Wildeshausen - „Flügelt ein kleiner blauer Falter vom Winde verweht, ein perlmutterner Schauer glitzert, flimmert, vergeht.“ Ob Hermann Hesse sein Gedicht „Blauer Schmetterling“ dem Silbergrünen Bläuling gewidmet hat, in unklar. Sicher ist jedoch, dass dieser kleine Schmetterling das Insekt des Jahres 2015 ist.

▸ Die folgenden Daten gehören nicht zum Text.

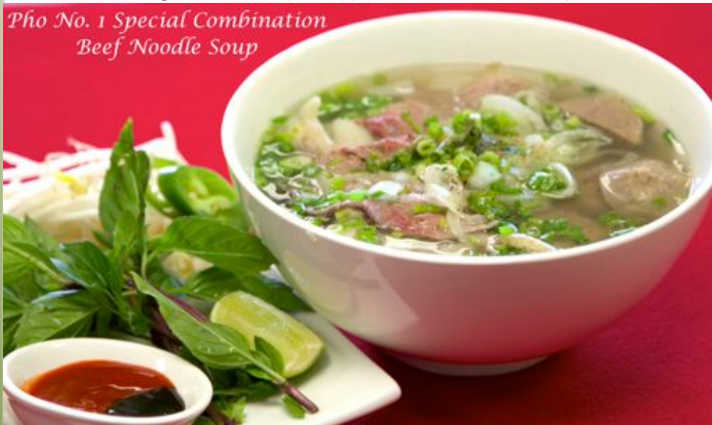
Pho No. 1 Special Combination Beef Noodle Soup

„Aufgrund der Wetterkapriolen habe ich den Silbergrünen Bläuling in diesem Sommer nicht bei uns entdeckt, wohl aber den Argus-Bläuling und den Faulbaum-Bläuling“, erläutert Dieter Sejtka, Botschafter des Kuratoriums „Insekt des Jahres“. In dieser Funktion verteilt der Wildeshauser Faltblätter und Plakate an Naturschutzbehörden, Forstämter, Schulen und andere im Naturschutz Tätige, „damit etwas mehr Wissen zu den Menschen gelangt“.
Kurz vor Aumühle sowie auf dem Pestruper Gräberfeld gibt es seit vielen Jahren Halteflächen für die Bläulinge. Der Argus-Bläuling ziert sogar das Hinweisschild am Eingang des Gräberfeldes.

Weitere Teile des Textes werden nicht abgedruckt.